Alistair Harper: Chickenhead of the Month

It’s been a long while since I awarded anyone the “Chickenhead of the Month” prize, but Alistair Harper comes to us from across the Atlantic with a stupidity that is simply too remarkable to let slip.

Alistair Harper knows nothing of the publishing industry. His whole thesis is wrong. How he got to be a Guardian blogger or paid to write is truly amazing. His charge — that “the chip on [Stephen] King’s shoulder as big as the vast American states that are usually his setting” — does not hold. I don’t believe that any author can truly control the nonsense that appears on book covers. Harper doesn’t seem to understand that once a manuscript is turned in, the author is often at the behest of marketing forces. Because the publishing industry is, you know, an industry. And an industry expects to sell products. Or does Harper honestly believe that the publishing industry is in this bookselling business for the philanthropy? If phrases like “words are his power” or “this book will cause you to sodomize a goat” will sell more units, then the publishers will put these words, however preposterous, on covers to sell books. And how is King being uncertain about the shelf life of his work egotistical? Newsflash to Harper: When it comes to nonfiction, King is often as subtle as a Bengal tiger running around Grand Central, and he would be the first to admit this. He is, as he mentioned in Danse Macabre, a self-described “burgers and fries of literature.” And had Harper even bothered to read the introduction to Blaze, for crying out loud a few pages he could have flipped through in a bookstore*, a book that this sad illiterate hasn’t even bothered to examine, he’d realize that King extensively rewrote the book. This hardly a case of a manuscript merely being “dusted off.” And how is it egotistical exactly to want to finish a series when a million readers — many of whom have written King letters and expressed hopes that he would finish, as indicated in the same introduction that Harper quotes from — clamor for it? Has it not occurred to Harper that King simply cannot stop writing? That isn’t egotistical. That’s the mark of a hypergraphic personality.

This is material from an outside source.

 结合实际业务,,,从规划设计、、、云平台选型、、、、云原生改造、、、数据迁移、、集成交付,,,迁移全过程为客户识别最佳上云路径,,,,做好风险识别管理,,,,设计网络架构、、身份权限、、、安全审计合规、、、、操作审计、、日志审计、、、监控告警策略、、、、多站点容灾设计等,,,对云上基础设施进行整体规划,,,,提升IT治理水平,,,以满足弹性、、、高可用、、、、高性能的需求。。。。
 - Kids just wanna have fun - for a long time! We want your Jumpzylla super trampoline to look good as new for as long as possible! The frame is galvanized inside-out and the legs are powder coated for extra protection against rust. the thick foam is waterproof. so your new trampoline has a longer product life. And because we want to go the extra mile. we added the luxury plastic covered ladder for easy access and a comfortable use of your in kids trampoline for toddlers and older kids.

If Harper hates King, he should simply be honest and say so. But in hiding behind this “Stephen King has an ego” gambit, he attempts to pretend, like some bumbling teenager trying to figure out how to open up a golden Trojan package but too afraid to ask for help, that it’s about King the person and not King the writer. This is hubris of the first order. It’s the kind of thing you expect from 1600 Pennsylvania, not 119 Farringdon Road

* — The UK edition likewise possesses an introduction by King. If it is different from the US edition, please feel free to correct me.

4 Comments

  1. Wow, that just pisses me off. It’s the kind of article written solely to do just that: nfuriate people. Count me among the insecure who’ve stopped at bookstores to sign stock. And I imagine I did it for the same reason why King–and thousands of other writers–have done so: to hopefully sell more books and gain more readers. If anything I give King credit, after selling millions of copies and earning enough money to buy several large islands, for still having the desire to woo new readers. If that’s looked at as a fault, may all authors have such faults.

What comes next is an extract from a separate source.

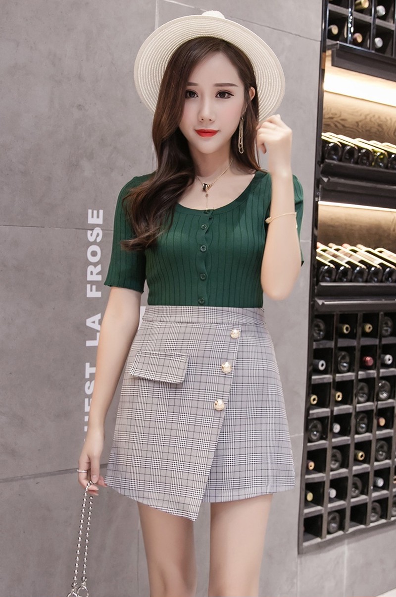 ♢ポイント♢ 存在感のあるビジューボタンが華やかさをアップしてくれる1着♪ チェック柄でこなれ感がプラスされるのでサラッとシンプルに着るだけでオシャレコーデが作れます◎

    In fact I’m mad at myself for commenting on this idiotic article because I’m sure that’s what Harper would want.

  2. You’re right. Authors usually have very little say over what their covers look like. The marketing department and the book designers have much more say during the design of the physical book. By that time, the author has usually signed off on it, or will be pushed to sign off on it, once the design is ready. This has both positive, negative, dadaist, hilarious, unfortunate and mysterious results, depending on the artistic and design sensibilities of the writer, and the original intent of the writer, vs. the designer who is trying to express that original intent vs. the publisher who is trying to be sure the book gets noticed in the first place.

  3. We should all appreciate the wonderful irony that Stephen King is wildly successful despite that (or because) he doesn’t write “for the money”…

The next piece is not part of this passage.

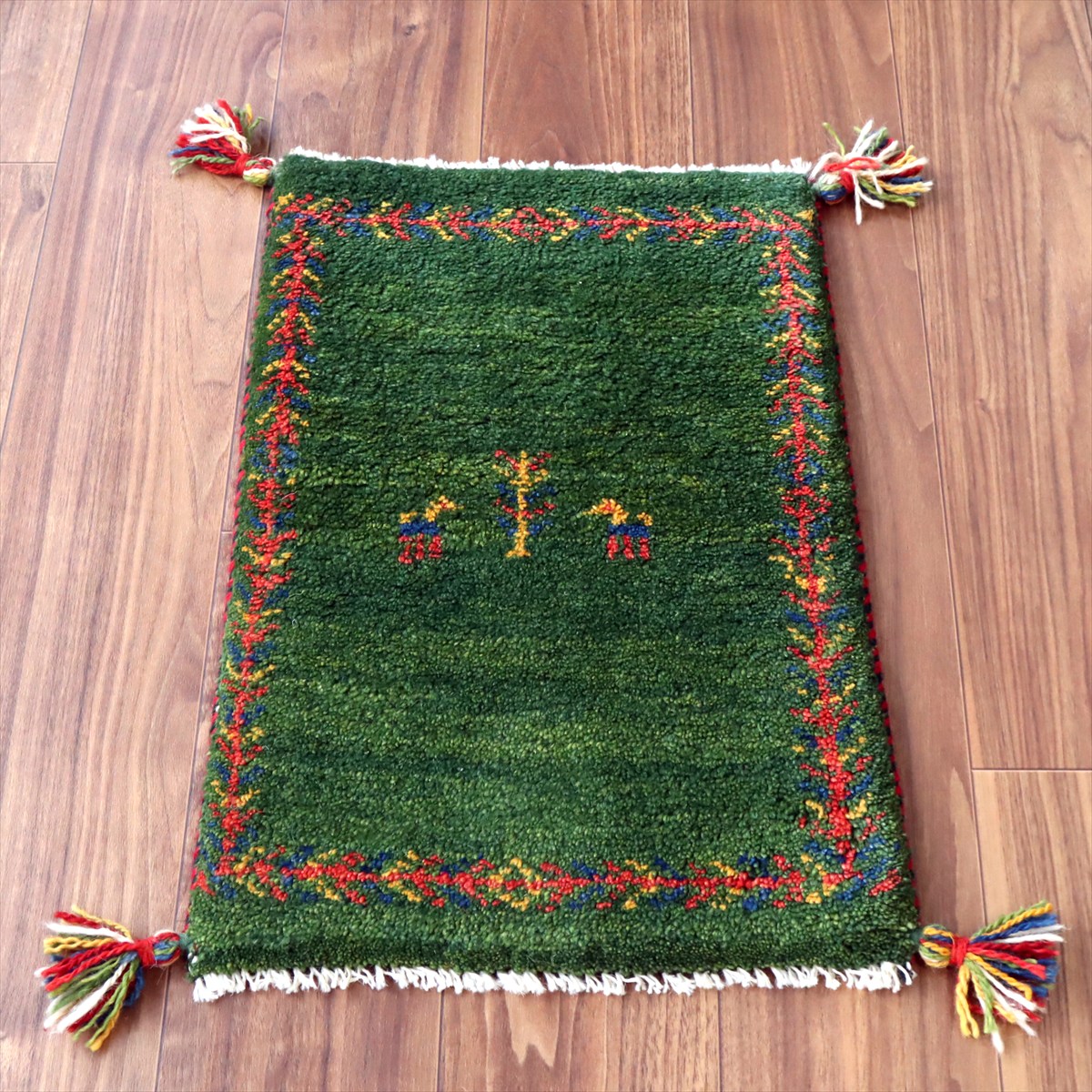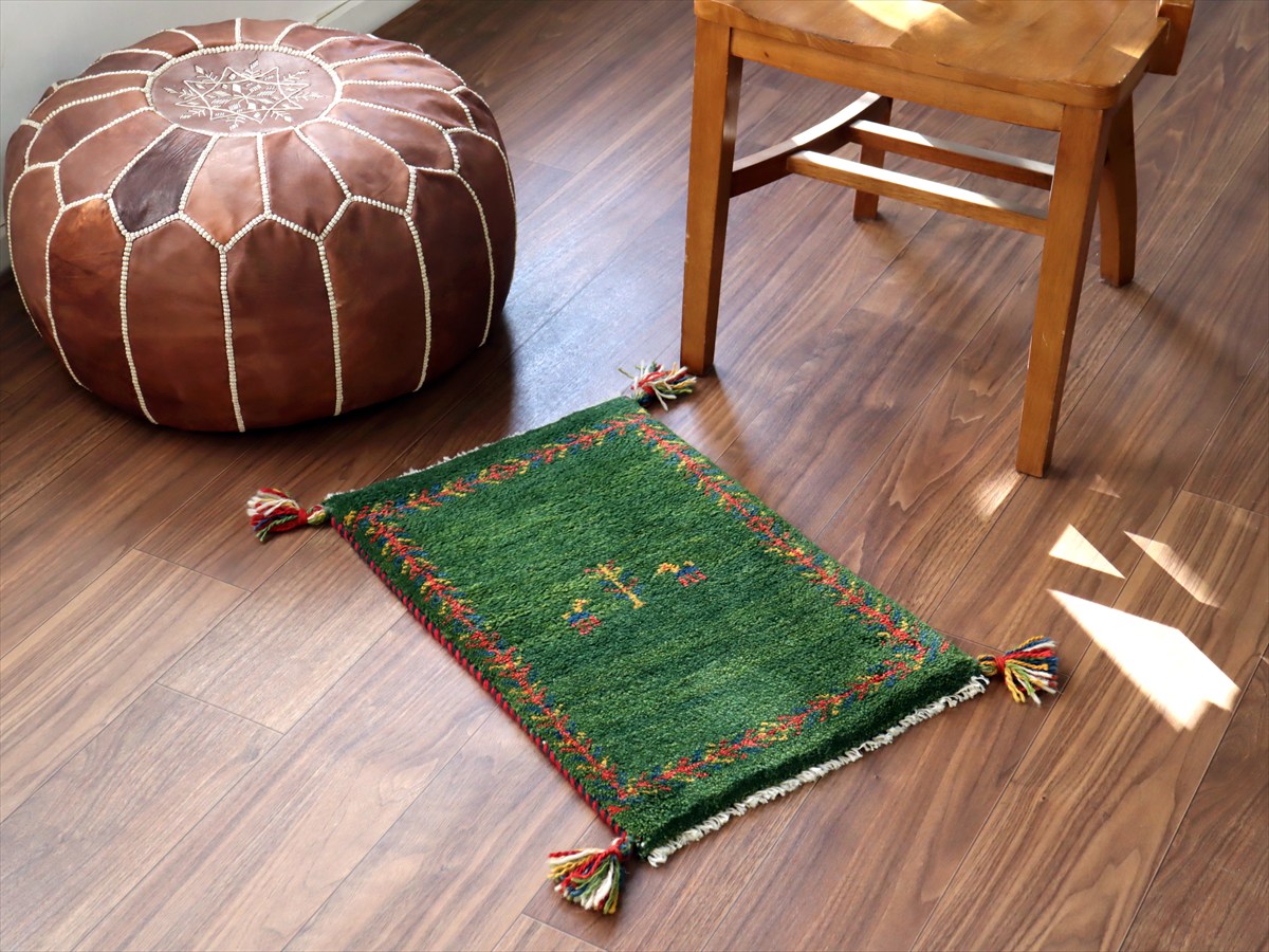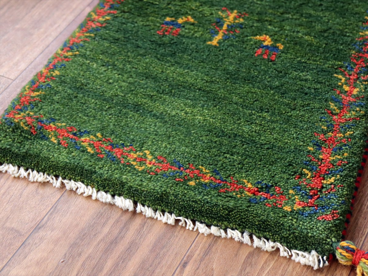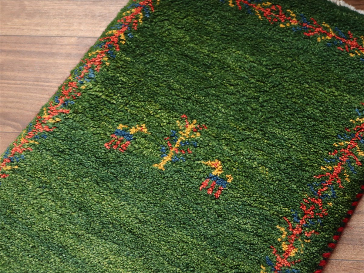 座布団サイズのギャッベとしては、すっきりとした毛足の刈り込みで、モチーフがくっきりと見えます。パイルを含めたギャベの厚みは、1.7-1.8cm程度です。

    … and still he catches flak for being successful.

    (BTW, writers who are successful but cynical or self-deprecating about it… do they also receive the kind of flak that King does??)

  4. Well, some authors do seem to have quite a say over what their covers look like. Take a case like Thomas Pynchon: It’s hardly a coincidence that none of his seven first editions (published by five different publishers) have carried blurbs by other authors, that none of them have carried a photo of Pynchon, and that none of them have carried that otherwise omnipresent sentence on the cover: “Author of [insert title]”. Also, the designer of “Mason & DIxon” has reported that Pynchon was quite involved with the design process. So clearly an author like Pynchon does have a say. Now, Stephen King may not have the same literary stature as Thomas Pynchon, but more importantly: he sells much, much better than Thomas Pynchon, and any publishers who wanted him on their list would, I’m pretty sure, do what King told them, if he decided to make certain demands. I’m not saying that he should (I neither have a problem with King or with the way his books are packaged), but my guess is that if he started acting up and refused, say, to have his photo on the dust-jacket, the publishers would more or less have to accept this – otherwise this lucrative source of income could just pack his stuff and take his business to other publishers who would be happy to have him.